Bill Sponsor regularly scans bill texts to find sections that are contained in other bill texts. When a matching section is found, the bills containing that section can be viewed by clicking "View Bills" within the bill text section.
Bill Sponsor is currently only finding exact word-for-word section matches. In a future release, partial matches will be included.
H. R. 2309 (Introduced-in-House)


119th CONGRESS
1st Session
H. R. 2309


To amend title XIX of the Social Security Act to require certain additional provider screening under the Medicaid program.


IN THE HOUSE OF REPRESENTATIVES

March 24, 2025

Mr. Peters (for himself, Mr. Evans of Colorado, Mr. Suozzi, Ms. Malliotakis, and Mr.

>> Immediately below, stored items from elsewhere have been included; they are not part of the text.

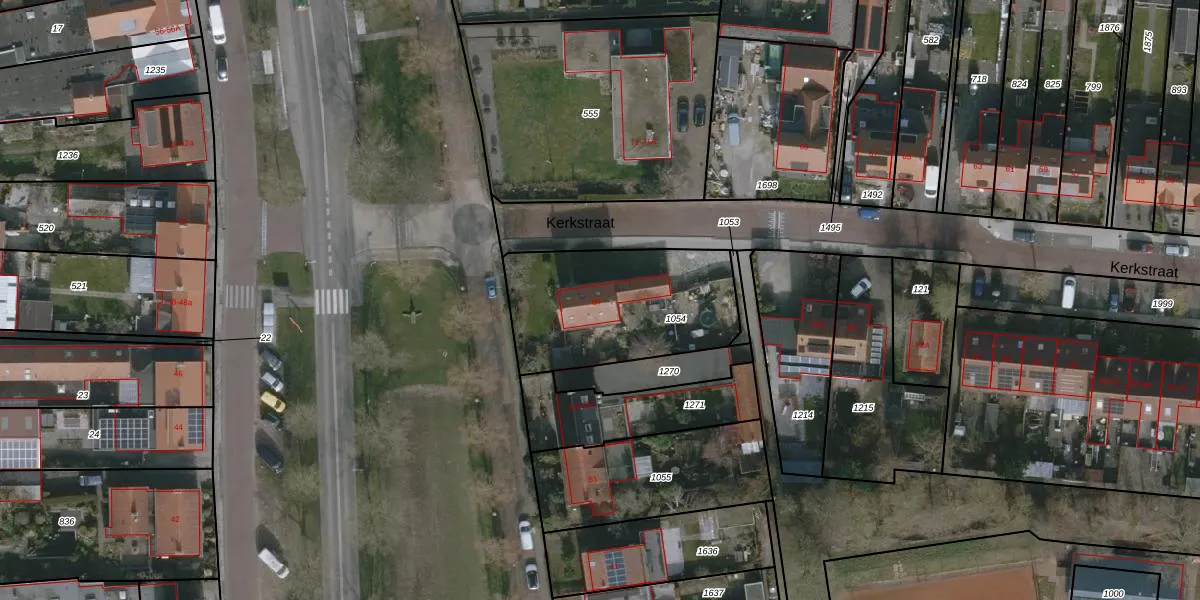 Het perceel waarop Kerkstraat 66 staat heeft een oppervlakte van 706 m². Dit is een groot perceel. De perceeloppervlakte wordt geregistreerd door het Kadaster. Gedetailleerde informatie over de maten van dit perceel kunt u vinden in het rapport Kadastrale kaart met maatvoering van Kerkstraat 66.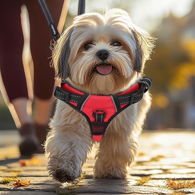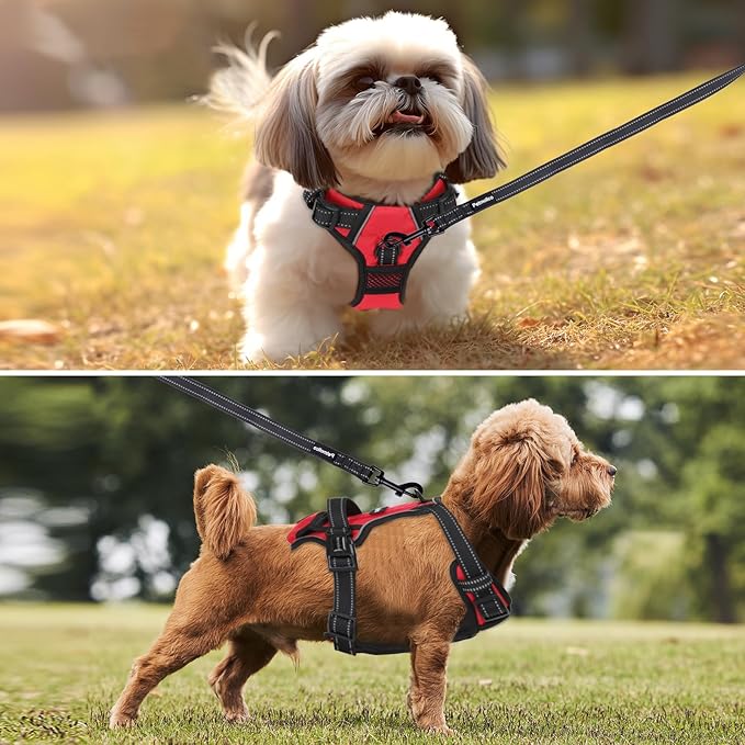 - [ Adjustable and Reflective ] The easy-on harness has 4 adjustable points, which create a secure fit. And slip-resistant straps mean the buckles will stay put after adjusting. The reflective strips on the harness making your dog more visible and the two of you safer during walks at night. The breathable material also won't trap heat, making it a great choice for both winter and summer walking, running, hiking. Plus Velcro on the back for attaching whatever you want.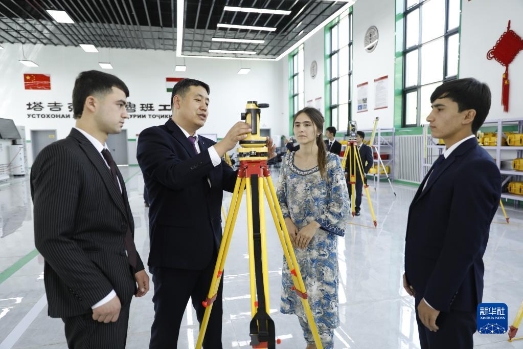4月12日,在塔吉克斯坦首都杜尚別的魯班工坊內,來(lái)自天津城市建設管理職業(yè)技術(shù)學(xué)院的老師吳正鵬(左二)向學(xué)生講解測繪儀器使用方法。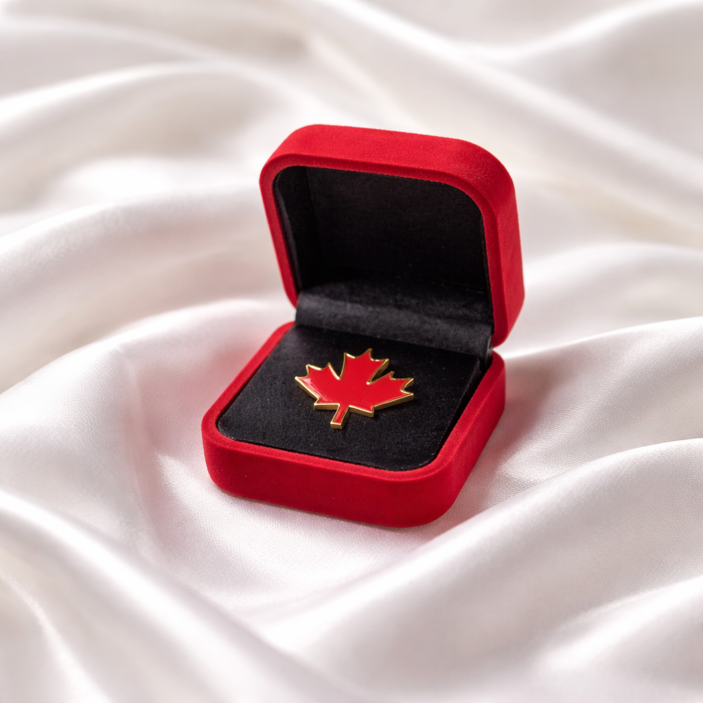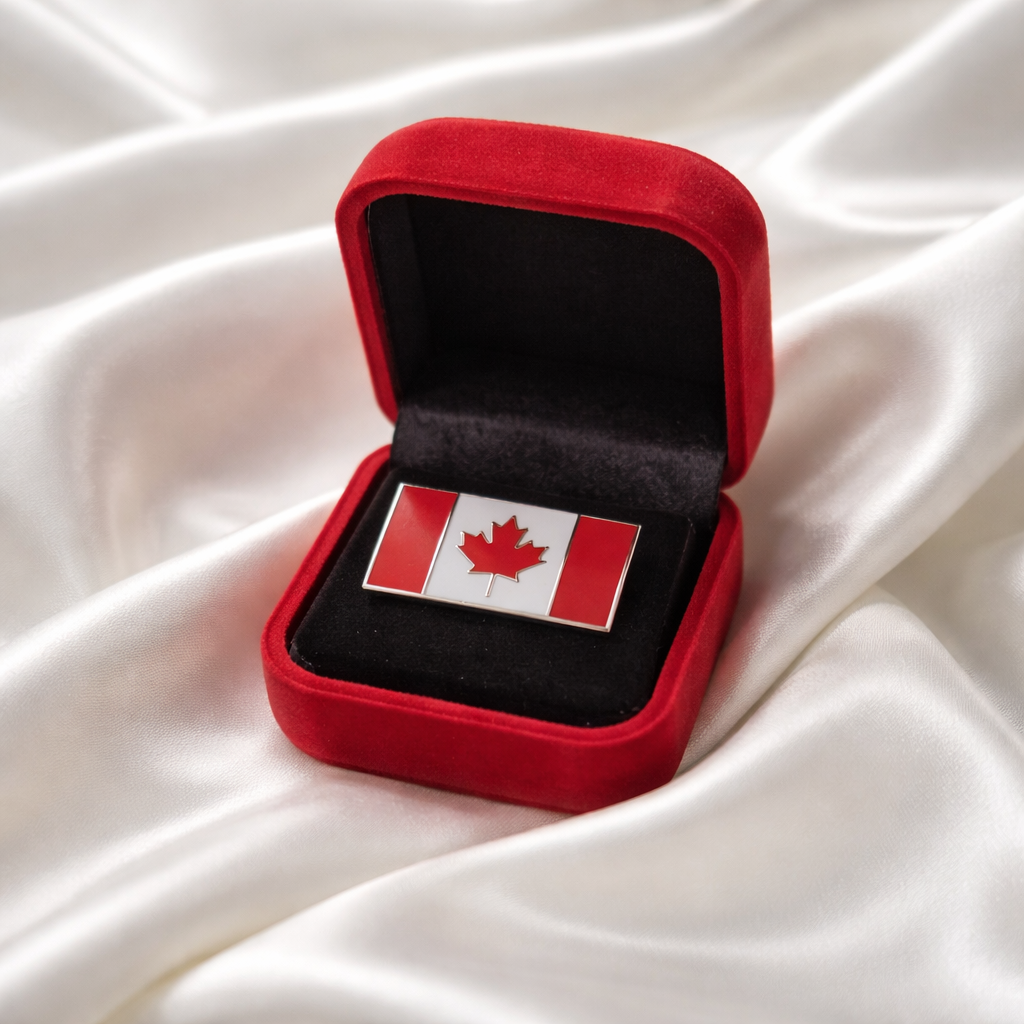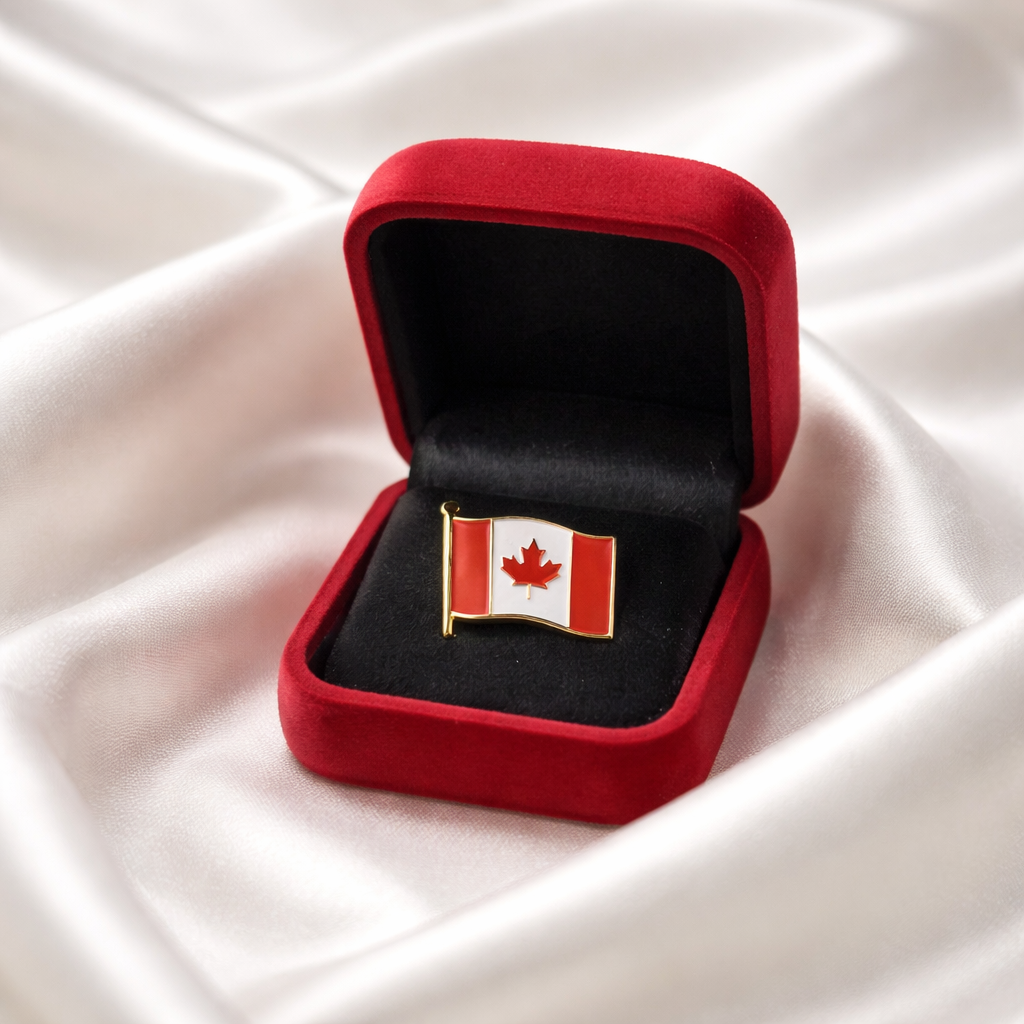 This beautiful set features four unique Canadian pin styles representing the iconic maple leaf and the Canadian flag. Each pin comes in its own jewellery box, making it perfect for collectors, gifts, and patriotic accessories.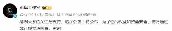 音乐会门票的官方价为280元、480元、580元、680元、780元以及1180元,截至发稿前,闲鱼里出现了不少转售门票的链接,不同价位的门票分别加至100元到300元售卖。小岛工作室表示:“感谢大家的关注与支持,追加公演即将公布,为了您的权益和资金安全,请勿通过非正规渠道购票,谢谢!”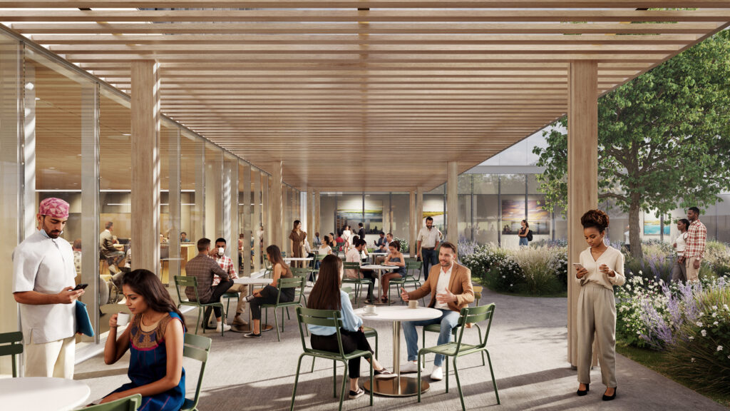 In addition to the greenbelt, the café just off the lobby features a glazed wall that bathes the interior in natural light. Outside, a dining patio and healing garden provide places of respite to gather, linger, and reflect.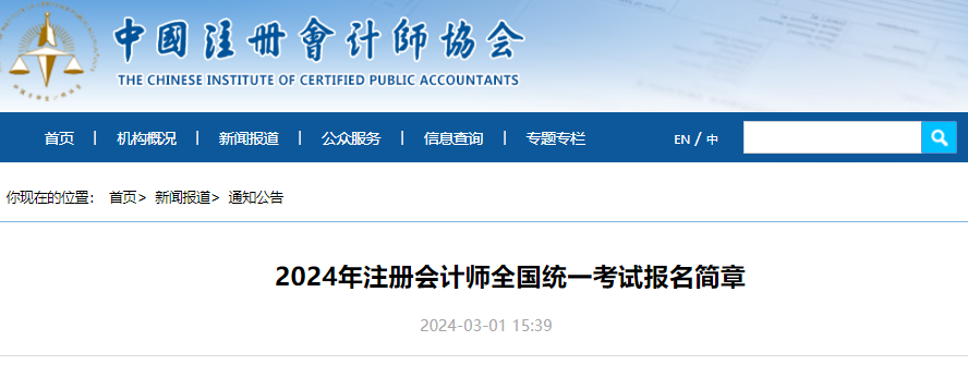 根据《注册会计师全国统一考试办法》,财政部注册会计师考试委员会制定了《2024年注册会计师全国统一考试报名简章》,现予印发。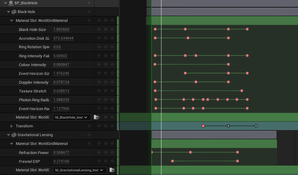 Adjustable parameters for both the Black Hole and Gravitational Lensing Material were exposed in sequencer to create a smooth transition from black hole seed to a fully formed black hole.

Kennedy of Utah) introduced the following bill; which was referred to the Committee on Energy and Commerce


A BILL

To amend title XIX of the Social Security Act to require certain additional provider screening under the Medicaid program.

Be it enacted by the Senate and House of Representatives of the United States of America in Congress assembled,

SECTION 1. Short title.

This Act may be cited as the “Medicare and Medicaid Fraud Prevention Act”.

SEC. 2. Medicaid provider screening requirements.

Section 1902(kk)(1) of the Social Security Act (42 U.S.C. 1396a(kk)(1)) is amended—

(1) by striking “The State” and inserting:

    “(A) IN GENERAL.—The State”; and

(2) by adding at the end the following new subparagraph:

    “(B) ADDITIONAL PROVIDER SCREENING.—Beginning January 1, 2027, as part of the enrollment (or revalidation of enrollment) of a provider or supplier under this title, and not less frequently than quarterly during the period that such provider or supplier is so enrolled, the State conducts a check of the Death Master File (as such term is defined in section 203(d) of the Bipartisan Budget Act of 2013) to determine whether such provider or supplier is deceased.”.